Why NoSQL Matters and What Configuration Management Experts Need to Know About it

Summary:
NoSQL is a new approach to data storage that addresses many problems associated with relational databases. Many highly popular websites—including Facebook, Netflix, and Digg—are using NoSQL to crunch large volumes of data. Eugene Dvorkin gives us insight into why NoSQL is important and what CM experts need to know about it.

NoSQL is a new approach to data storage that addresses many problems associated with relational databases. Many highly popular websites—including Facebook, Netflix, and Digg—are using NoSQL to crunch large volumes of data.

Information and applications are now often delivered via different channels, including the web, mobile devices, and complex social networks. Many technology professionals refer to Big Data as the approach for handling these channels that are required to crunch huge amounts of information that enterprises want to capture and use. NoSQL is a good fit for storing and accessing such humongous volumes of data. Technology professionals often find that it can be challenging to tackle new technologies and approaches. This article will give you some insight into why NoSQL is important and what CM experts need to know about it.

Developers often find that new challenges require new approaches and creative technical solutions to help their organization achieve its goals.

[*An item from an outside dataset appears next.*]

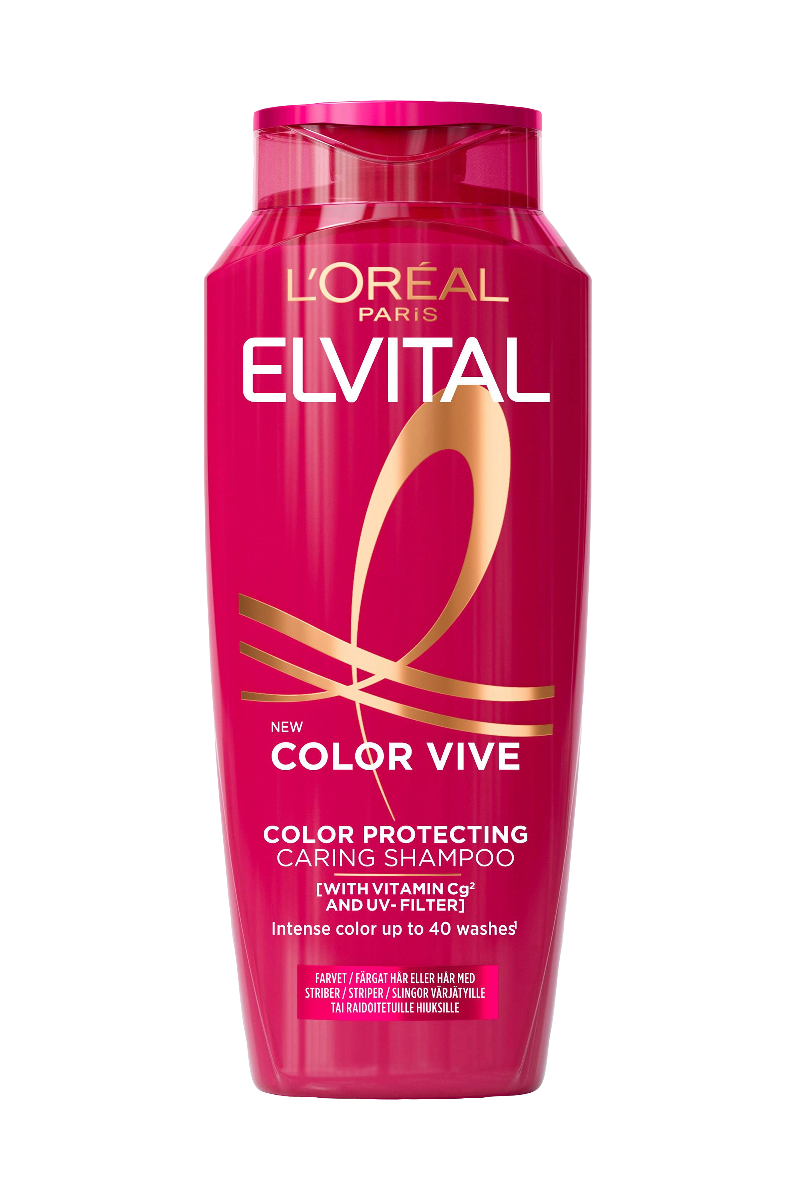 L'Oréal Paris Elvital Color Vive shampoo er en farvebeskyttende og plejende shampoo - perfekt til farvet hår eller hår med highlights. Formlen er beriget med vitamin Cg** og UV-filter og forlænger farveintensitetens holdbarhed med op til 40 hårvaske*

Most large systems rely upon systems to manage large stores of data, and for many years we software developers have developed applications using relational databases. For the most part, relational databases have served us well and will be with us for many years to come.

So what happens when people suddenly develop and use an alternative solution for database storage? To answer this question involving the use of a new way to store and retrieve data, we need to consider what’s wrong with the relational database model.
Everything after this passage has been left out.